One of the UK’s largest discount retailers has been fined a record £480,000 for repeatedly selling knives to children in east London.
B&M Bargains fined record £480,000 for repeatedly selling knifes to children
B &M Bargains admitted its staff handed over blades to four teenagers as young as 14, who were sent to the Dagenham and Romford stores by police and trading standards officers - writes standard.co.uk
At a hearing on Friday, district judge Gary Lucie said the company had failed to put in place a system which would prevent children from buying knives.
“Knife crime is at record levels across the country, particularly in London,” he said.
“One of the most concerning failures is that B&M did not implement other systems. This includes putting knives in cupboards as it does with perfume.”
Judge Lucie originally imposed a fine of £720,000 but reduced this by a third because B&M “admitted the offence at the earliest opportunity”.
He added that this was the equivalent of just one day of profits for the company, which turned over £2.6billlion last year.
The case was heard less than a month after B&M worker Shevaun Sorrell, 22, was stabbed to death in Deptford.
The court heard that two teenagers, aged 14 and 15, were sent into the Chadwell Heath B&M to purchase knives on September 19 2017.
Two days later the Vicarage Field shop in Barking was visited by a 16-year-old who picked up a three-piece knife set. And in January a 14-year-old was sent into the same store to buy a blade.
Model who stabbed rival in the heart jailed for 25 years for murder
During all of the undercover operations the teenagers were able to purchase knives completely unchallenged by staff.

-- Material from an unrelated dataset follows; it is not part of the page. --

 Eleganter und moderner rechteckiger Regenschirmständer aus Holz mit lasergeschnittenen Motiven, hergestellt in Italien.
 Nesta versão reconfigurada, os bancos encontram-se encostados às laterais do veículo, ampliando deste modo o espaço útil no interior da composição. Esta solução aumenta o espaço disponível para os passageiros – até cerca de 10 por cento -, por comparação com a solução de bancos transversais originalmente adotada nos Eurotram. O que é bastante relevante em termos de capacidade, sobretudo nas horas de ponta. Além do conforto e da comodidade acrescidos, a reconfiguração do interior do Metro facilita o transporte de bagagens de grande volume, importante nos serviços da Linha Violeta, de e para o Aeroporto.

It is illegal to sell a blade over three inches long to anyone under 18 and companies can face unlimited fines for breaking the law.
The largest fine reported before Friday was to sports chain Decathlon, which was ordered to pay £20,000 in March after selling a knife to a teenager in Wandsworth.

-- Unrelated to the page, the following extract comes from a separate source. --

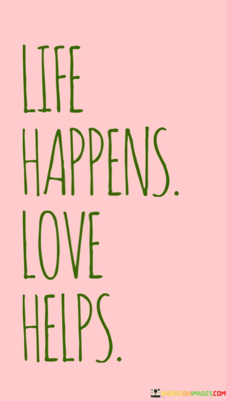 In essence, "Life Happens Love Helps" encapsulates the idea that love is a powerful force that aids us in navigating the unpredictable nature of life. It underscores the importance of cherishing and nurturing the love we have for others and the love they have for us. This love provides solace, resilience, and a sense of purpose as we navigate the complex path of existence.

At an earlier hearing Stuart Jessop, defending, said B&M served millions of customers a week at its 560 stores and it was “inevitable” mistakes would be made.

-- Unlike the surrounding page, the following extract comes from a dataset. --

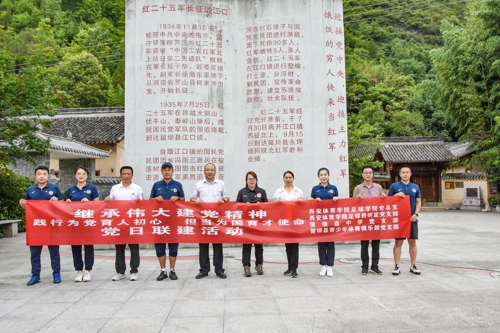 为进一步传承红色基因、弘扬爱国主义精神,足球学院党总支与留坝中学党支部一同来到爱国主义教育基地红二十五军军部江口旧址追寻红色足迹,重温峥嵘岁月。1934年11月16日,按照中共中央的指示,坚守鄂豫皖苏区的红二十五军高举“中国工农红军北上抗日第二先遣队”旗帜,在军长程子华、政委吴焕先、副军长徐海东率领下,从河南省罗山县何家冲出发,开始长征。1935年7月25日,红二十五军在跨越大别山、伏牛山、秦岭山脉后,摆脱国民党军队的围堵追截,到达留坝县江口镇。盘踞江口镇的国民党民团团长冯雨三派兵企图阻击红军,被击溃。红军乘胜追击进行激战,团丁死伤30多人,红军牺牲5人,多人受伤。红二十五军在江口镇进行整编,打土豪、分浮财、剿民团,宣传革命思想,建立苏维埃政权,壮大队伍。1935年7月30日红二十五军离开江口镇西征北上,于1935年9月15日到达延川县永坪镇同陕北红军胜利会师。

He added: “B&M accept that they did not get it right and there were failings. There is a lot of remorse from the company.”
Six teenagers have been stabbed to death in east London this year. Hassan Ozcan, 19, died from multiple stab wounds in Barking on February 3. Promise Nkenda was stabbed to death in Canning Town 11 days later.
Lyndon Davis, 18, was murdered in Chadwell Heath on March 14, while Isreal Ogunsola, also 18, was knifed in Hackney on April 4. Sami Sidhom, 18, was murdered just metres from his home in Forest Gate, Newham, on April 16 and Jordan Douherty, 15, became London’s youngest murder victim was he was stabbed to death in Romford on June 25.
Dagenham councillor Margaret Mullane, cabinet member for community safety, said: “This is a major milestone for us as we continue the fight against knife crime in the capital.
“The magnitude of this fine sends out a strong warning that no matter how big a business is, we will not tolerate anyone selling knives to people under the age of 18.
“It is the responsibility of all businesses in the borough no matter how big they are, too work and protect the local community.”
B&M has 28 days to pay the £480,000 fine, plus £12,428 court costs and a £170 victim surcharge.